- Coordinates: 38°51′52″N 87°20′34″W﻿ / ﻿38.86444°N 87.34278°W
- Country: United States
- State: Indiana
- County: Knox
- Established: 1804
- Founder: John Widner

Government
- • Type: Indiana township

Area
- • Total: 41.24 sq mi (106.8 km^{2})
- • Land: 41.2 sq mi (107 km^{2})
- • Water: 0.04 sq mi (0.10 km^{2})
- Elevation: 443 ft (135 m)

Population (2020)
- • Total: 1,094
- • Density: 26.6/sq mi (10.3/km^{2})
- Time zone: UTC-5 (EST)
- • Summer (DST): UTC-4 (EDT)
- FIPS code: 18-84158
- GNIS feature ID: 454058

= Widner Township, Knox County, Indiana =

Widner Township is one of ten townships in Knox County, Indiana. As of the 2010 census, its population was 1,094 (down from 1,132 at 2010) and it contained 506 housing units. It contains the census-designated place of Freelandville.

Historical population
| Census | Pop. | Note | %± |
| 1890 | 1,820 |  | — |
| 1900 | 1,719 |  | −5.5% |
| 1910 | 1,767 |  | 2.8% |
| 1920 | 1,745 |  | −1.2% |
| 1930 | 1,583 |  | −9.3% |
| 1940 | 1,611 |  | 1.8% |
| 1950 | 1,540 |  | −4.4% |
| 1960 | 1,338 |  | −13.1% |
| 1970 | 1,278 |  | −4.5% |
| 1980 | 1,287 |  | 0.7% |
| 1990 | 1,197 |  | −7.0% |
| 2000 | 1,165 |  | −2.7% |
| 2010 | 1,132 |  | −2.8% |
| 2020 | 1,094 |  | −3.4% |
Source: US Decennial Census

==History==
Widner Township was named for John Widner, a pioneer settler.

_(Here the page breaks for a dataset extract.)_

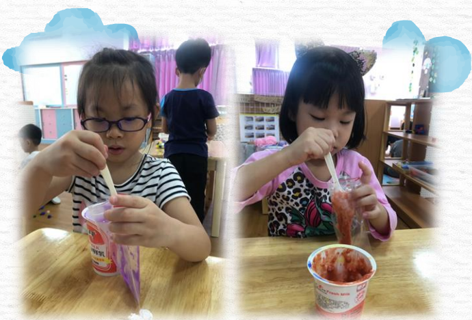
將染好色的漿糊放入夾鏈袋

Kixmiller's Store at Freedlandville was added to the National Register of Historic Places in 1978.

==Geography==
According to the 2010 census, the township has a total area of 41.24 sqmi, of which 41.2 sqmi (or 99.90%) is land and 0.04 sqmi (or 0.10%) is water.

==Education==
It is in the North Knox School Corporation.